In the high jump, Long Reef Golf Club member Brandon Starc finished fifth in a hot field and went down leaping, trying to get over 2.39m. Get out a measuring tape and put it against your house. It’s stupid-high and Mutaz-Essa Barshim of Qatar and Italian Gianmarco Tamberi couldn’t get over it either. But they did scale 2.37m and had the same number of misses. And they decided – because they could, it’s in the rules – to win a gold medal each. And they are now enshrined in Olympic folklore and mates forever. How very bloody good.
Elsewhere we “won” a bronze in basketball. Beach volleyball girls made the final. The men’s hockey players did too. The women’s hockey team were bundled out in the quarters and were “massively devo” as a teenager explained. Another teen, Keegan Palmer, 18, won a gold on a skateboard, ripping off ridiculous manoeuvres in the air. Logan Martin from Logan, Queensland did things on a pushbike they didn’t even conceive of at Terrey Hills BMX Track in 1981. The pair won Australia’s only land-based gold medals.

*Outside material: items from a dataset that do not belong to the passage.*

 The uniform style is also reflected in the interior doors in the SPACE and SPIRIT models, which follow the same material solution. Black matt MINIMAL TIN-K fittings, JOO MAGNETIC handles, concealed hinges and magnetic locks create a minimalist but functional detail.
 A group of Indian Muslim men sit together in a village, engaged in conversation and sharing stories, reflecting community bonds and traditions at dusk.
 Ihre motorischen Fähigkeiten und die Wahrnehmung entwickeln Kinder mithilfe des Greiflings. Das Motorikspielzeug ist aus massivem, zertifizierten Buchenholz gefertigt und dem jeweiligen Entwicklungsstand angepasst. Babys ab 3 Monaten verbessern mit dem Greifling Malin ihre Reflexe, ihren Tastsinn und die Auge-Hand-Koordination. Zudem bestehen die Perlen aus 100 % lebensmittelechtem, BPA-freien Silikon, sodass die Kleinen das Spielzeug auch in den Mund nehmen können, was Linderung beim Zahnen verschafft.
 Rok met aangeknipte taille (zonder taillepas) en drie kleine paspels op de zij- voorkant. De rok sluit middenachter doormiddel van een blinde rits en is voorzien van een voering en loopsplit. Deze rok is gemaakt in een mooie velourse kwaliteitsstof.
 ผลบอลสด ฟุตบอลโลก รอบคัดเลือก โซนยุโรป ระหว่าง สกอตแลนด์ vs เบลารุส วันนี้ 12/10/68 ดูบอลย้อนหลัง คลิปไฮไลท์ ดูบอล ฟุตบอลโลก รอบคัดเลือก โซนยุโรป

As befitting citizens of the world’s biggest island, we won fifteen of our 17 golds by swimming, rowing, sailing, kayaking and canoeing through water. Freestyle flier Emma McKeon won four gold medals and seven all up. Ariarne Titmus twice bested American Katie Ledecky who’d never been bested at the Games. Izaac Stubblety-Cook was the best at 200m breaststroke, Kaylee McKeown the best at 200m backstroke.

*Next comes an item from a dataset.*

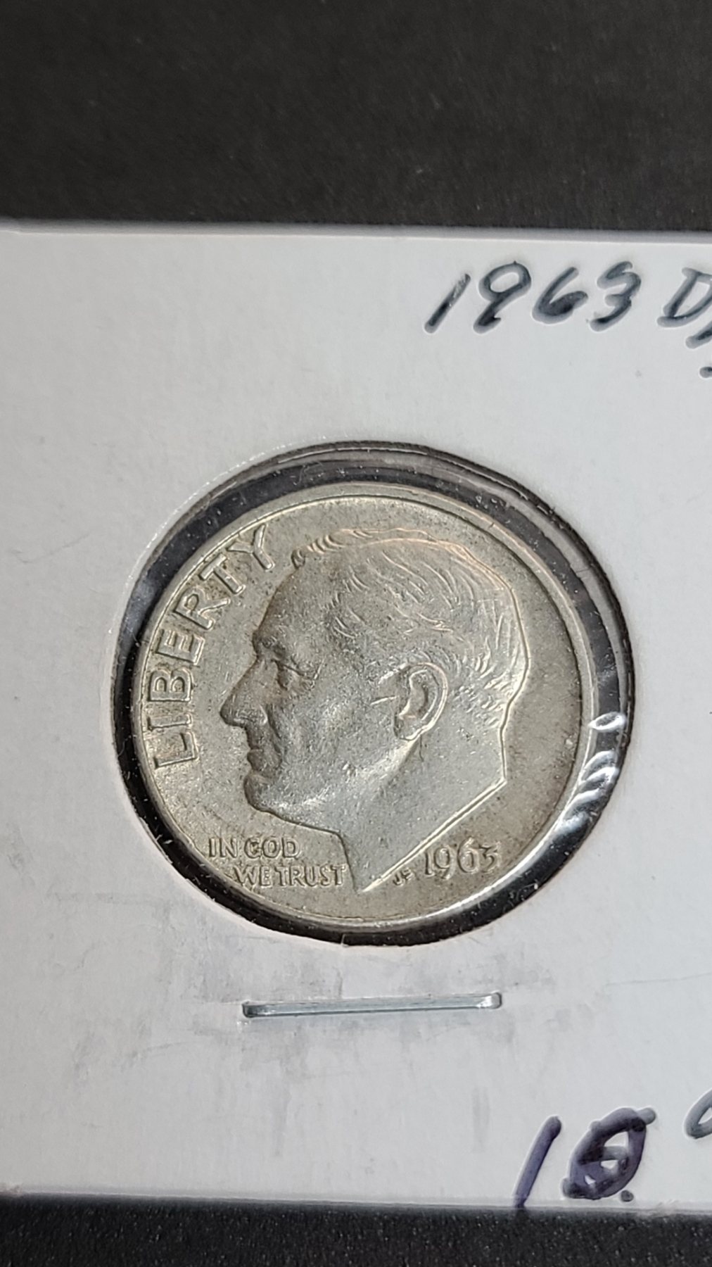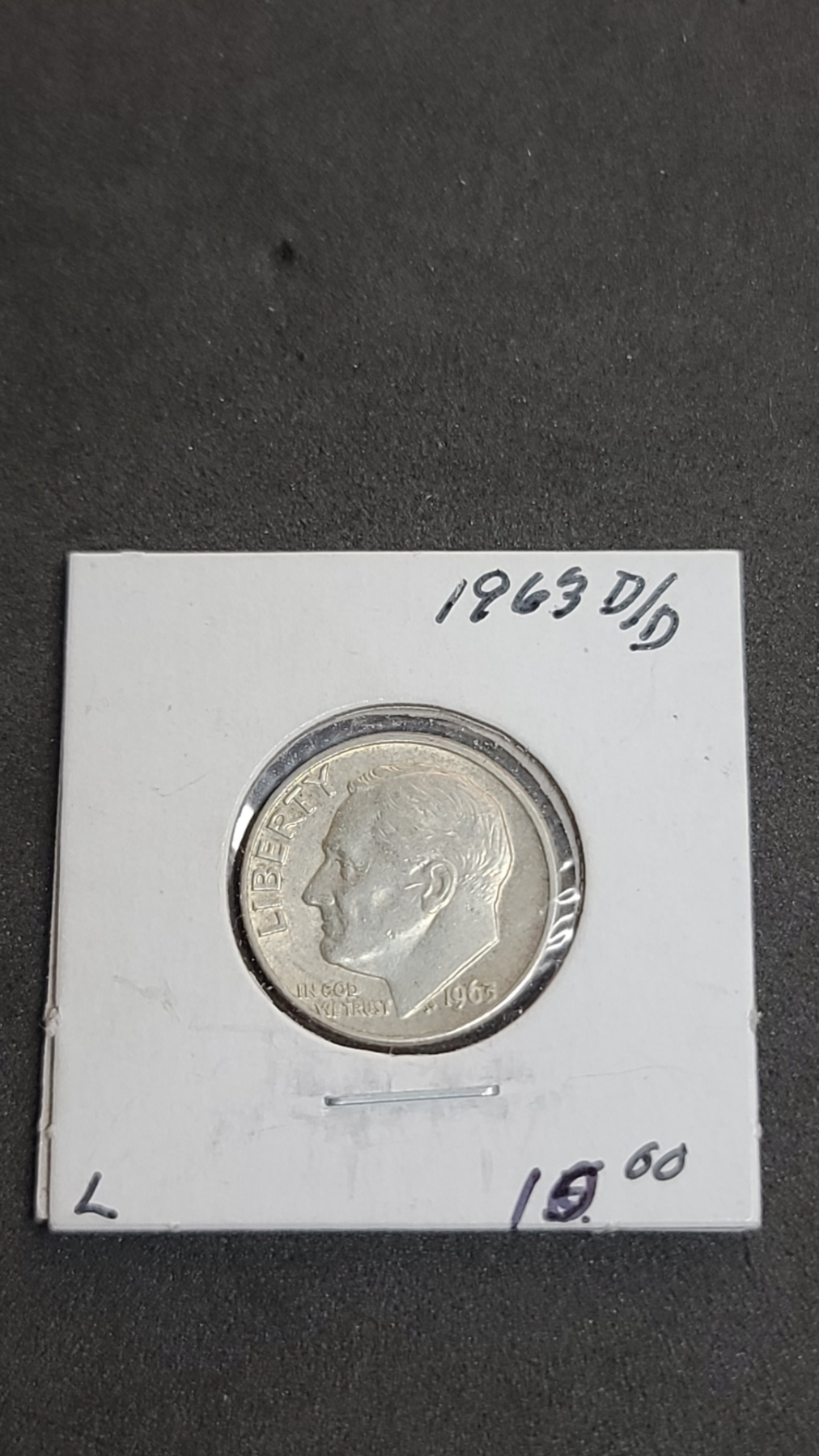 1963 D/D 90% Silver Roosevelt Dime In Coin Holder

Jess Fox! What a ripper. Powered into gold in the canoe slalom just two days after nudging a dangling pole to miss out on gold in the kayak. We crowned a new Awesome Foursome. We won the women’s four as well. And a pair of twin-brothers-from-another-mother blitzed the field in perfect all-action synchronicity to win the men’s kayak double sprint over 1000m. And then, at the end, our sailors just had to stay afloat, which they did, to win gold in dinghies. Good on them.

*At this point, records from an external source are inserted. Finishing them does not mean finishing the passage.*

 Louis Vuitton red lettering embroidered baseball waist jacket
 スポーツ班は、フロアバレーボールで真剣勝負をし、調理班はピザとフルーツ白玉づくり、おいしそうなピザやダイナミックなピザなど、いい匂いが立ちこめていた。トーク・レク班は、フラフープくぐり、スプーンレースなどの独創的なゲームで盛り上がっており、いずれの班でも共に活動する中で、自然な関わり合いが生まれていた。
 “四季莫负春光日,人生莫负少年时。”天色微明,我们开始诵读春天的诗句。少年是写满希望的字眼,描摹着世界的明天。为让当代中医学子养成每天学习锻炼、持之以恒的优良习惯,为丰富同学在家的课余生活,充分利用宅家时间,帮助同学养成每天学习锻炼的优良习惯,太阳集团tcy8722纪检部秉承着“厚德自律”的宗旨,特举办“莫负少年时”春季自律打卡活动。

And good on them all. Good on the great American gymnast Simone Biles who put her mental health before a circular metal disc. Good on Lamont Jacobs of Italy who came from the clouds to run 9.80 in the 100m sprint and run faster than the fastest men in the world. And good on those skateboarders. Those precious little people with their piercings and messy hair, cheering on one another in a genuinely collegiate sport, where shared humanity and empathy trump everything else. Want a takeaway from the Games? Take that. And when all this shit is done and done, go visit Japan. They deserve a medal. And a hug. And a really big bow.